Curious to know how to implement Do pattern in an OOP language consistently.

Good question. "Do notation" is sometimes referred to as "the programmable semicolon", because how you go from one statement to the next depends on which monad you're in. (In the List example, the assignment `x <- [1, 2, 3]` forked execution three ways before proceeding to the next assignment.)

In Java, the semicolon is pretty much fixed; you can't change the relationship between statements in any meaningful way. So you have to play tricks. You can implement the List example in a crafty but leaky way:

    do(() -> {
      var x = choose(1, 2, 3);
      var y = choose(4, 5, 6);
      return x + y;
    });

When `choose` is called for the first time, it remembers which choice it returns to you. When you `return` from the block, your result is stored, and then the function is re-executed -- except this time, `choose` will now return a different value (the next one). You can implement this in a rather small handful of lines, but it's very tight and clever code, and not at all obvious how it works at first glance.

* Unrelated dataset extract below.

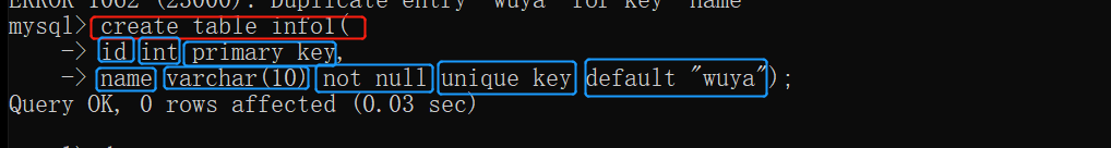 (创建表info1,id设置主键,姓名不能为空、唯一约束性、默认值为wuya)

There's another way to do this, with chained `flatMap` calls, like:

    list(1, 2, 3).flatMap(x ->
      list(4, 5, 6).flatMap(y ->
        list(x + y)));

...but that's so different from "normal" use of a language like Java that readers and writers alike are likely to balk to some extent.

Do isn't a pattern, its a notation for monad operations. Any pattern implementable in it can be reproduced in any language where there are objects which support monad operations by using those operations directly. Some languages (e.g., Scala and its comprehensions, which use monad operations rather than imperative operations over collections the way Python does) also have a do-notation-like syntax sugar, as well.

Monads and 'do' and stuff are just a form of abstract control structure. They're hiding information about the actual nature of a computation, making it look like a bit of imperative code, but in the background they could be doing anything. To be honest, despite the mystique, this isn't so different to virtual calls in an OO language, or just having objects hide their internals. Can you create an algorithm accepting the same steps but performing some magic in the background, around and in between every step? You have decorators, iterators, visitors, all that sort of stuff, so the answer is probably yes. Monads happen to be a very simple way to do this, and so you end up with entire ecosystems and fundamental ways of thinking built on that pattern.

'do' in Haskell is like PROGN right?

I guess in a OOP langague like C++ it would be something like:

foo1(); foo2(); return foo3();

?

progn has a fixed meaning in how to sequence sub expressions

do, afaik, just flips the written expression and use actual bind functions depending on the typeclass at point

i wonder what's the difference between CoF and a sequence of conditionals (except maybe being reified at the application layer and potentially adjusted without changing source, a bit like a macro)